See here: https://github.com/muellerzr/fastai-Experiments-and-tips/blob/master/ImageWoofTests/fastai_v2.ipynb

1 Like

I’m also getting ~69% after the modification (improving from before, it was ~66%).

1 Like

From what I see in the code you’re running, it doesn’t test if the data is the same in v1/v2, only that there is a problem somewhere. To identify the actual source, we need to have one version used for everything except one thing (like the data, the training loop, the optimizer) and test v1 vs v2 on that specific thing.

1 Like

Got it. I will get something this evening for you. :slight_smile:

Thank you for all the help. We really appreciate it :slight_smile:

These look the same to me if I’m not mistaken

([flip_lr(p=0.5)], []), size=128) (v1)
FlipItem(), Resize(128) (v2)

I tried following where the size goes to to ensure it’s got the same modes (squish and reflection) but it was a bit hard to follow through. Looking at the databunchs they look the same

1 Like

Those are the same yes.

1 Like

Okay awesome. I tried removing every transform so there is only a resize being used, still got a 71% in v2 vs a 77% in v1. I am moving now onto the model (copying everything over from v2 over to v1 though this should still be the exact same).

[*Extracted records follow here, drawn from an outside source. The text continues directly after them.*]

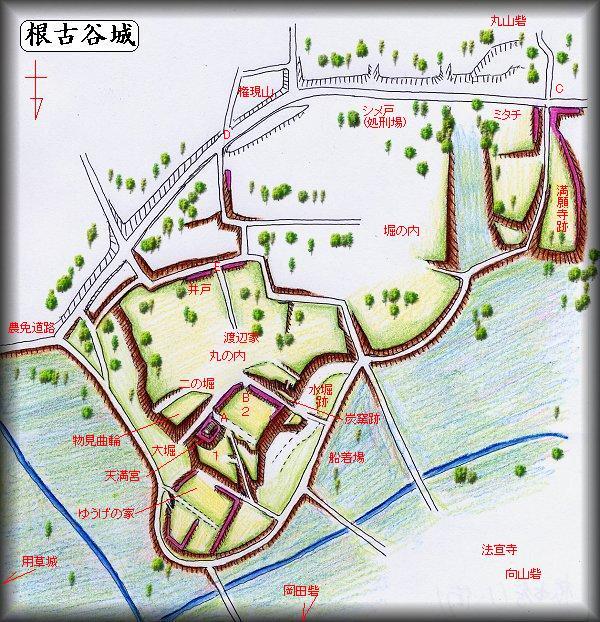 | 根古谷城の創建は明らかではないが、享徳年間(1542〜55)、千葉一族の家臣であった円城寺氏によって築かれたのではないかといわれる。 後に康正元年(1455)に、千葉一族の内紛によって千葉氏が没落していくと、円城寺氏も滅びたという。 その後は同じく千葉家臣団の粟飯原氏が城主になったという。粟飯原氏についても詳細はよく知らないが、千葉氏の家臣であり、岩富原氏などと密接な関係があったものと推測される。 |
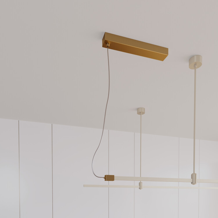 Потолочный короб для источника питания системы APRIORI с боковым подводом питания. Напряжение питания DC48V. Размер ДxШxВ: 400x60x40мм. Внутренний размер под БП ДxШxВ: 350*50*30 мм. Длина кабеля 5000 мм. Материал алюминий, цвет светлое золото. Источник питания приобретается отдельно.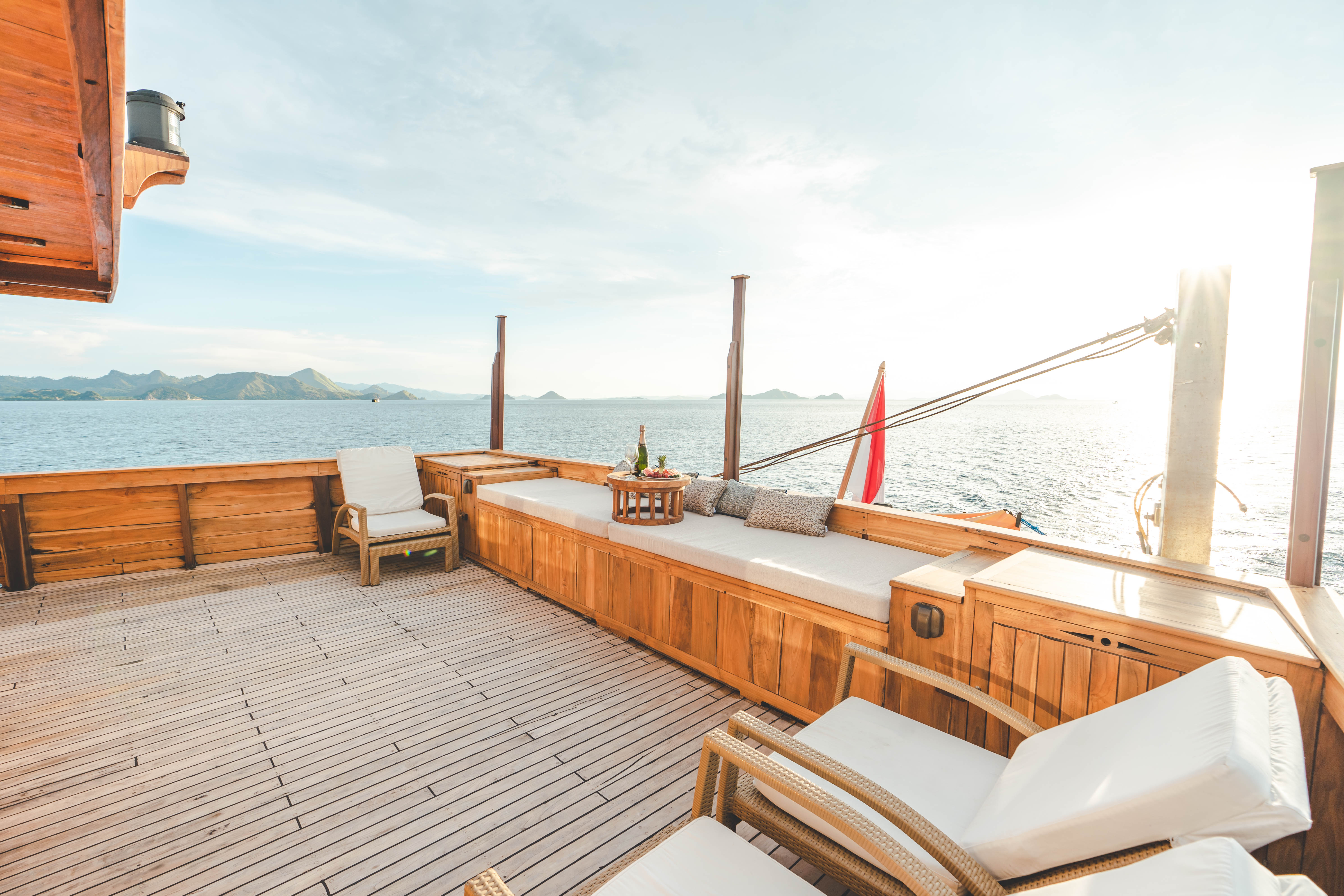 MISCHIEF features three spacious air-conditioned cabins, all uniquely positioned above deck, making the most of Indonesia’s spectacular landscapes. An additional twin cabin on the lower deck can be used to accommodate an additional 2 guests if necessary.

The fact of how there is still this difference after verifying that the exact same transforms are being used means that I should move away from those for the time being

1 Like

Finally! So the good news is I was able to get 70.8% on v1. Bad news is it was with the ‘new’ model that did it.

learn = Learner(data, myxresnet50(sa=True, c_out=10, act_cls=MishJit), opt_func=opt_func,
              loss_func=LabelSmoothingCrossEntropy(),
               metrics=[accuracy])

(assume myxresnet is the new version we used).

Now that I made it here, I’m going to move over directly the other mxresnet architecture and see if that still works

2 Likes

Great debugging process @muellerzr, and impressive patience and tenacity. (Those 2 are the most important skills IMHO, and are hard to learn!)

3 Likes

Thank you for the kind words Jeremy, working night shifts and having netflix on the screen helps ease the tension :wink:

So update on the model part, straight mxresnet also did not solve the issue.

and using the version we have in v1 with the same activation and all achieved the 74% (Meaning running in v1 with v2 model, activation).

1 Like

If you’re 100% sure the models are the same (you should save the printouts to files and diff them to be totally sure) then other possibilities are:

  • Init
    • Conv
    • Linear
    • BN
    • For each of the above: bias and weights
  • Whether bias is on or off for each layer
  • The implementation of forward() since that doesn’t appear in the model output
  • (I may have missed things too)
2 Likes

The models and initializers should all be exactly the same, should they not? As I do not use any of the v2 library when it comes to initializing/generating the model. I instead used the original repository’s implementation

(I know then bare minimum I can scratch off the forward being an issue :slight_smile: )

x that, I outputted them to text documents. Minor slight variations. For example:

v1:

[[ 3.7118e-01,  2.4901e-01,  3.4924e-01],
          [ 6.1605e-02, -1.8064e-01, -5.7317e-01],
          [-4.0040e-02,  1.2741e-01, -1.8215e-01]]

v2:

[[-2.9317e-01, -5.0387e-01, -2.1530e-01],
          [-3.7322e-01, -2.0616e-02,  6.7522e-02],
          [ 1.2084e-01,  2.0487e-01, -2.5438e-01]]

These are all somewhat close to zero though so can we count them as the same?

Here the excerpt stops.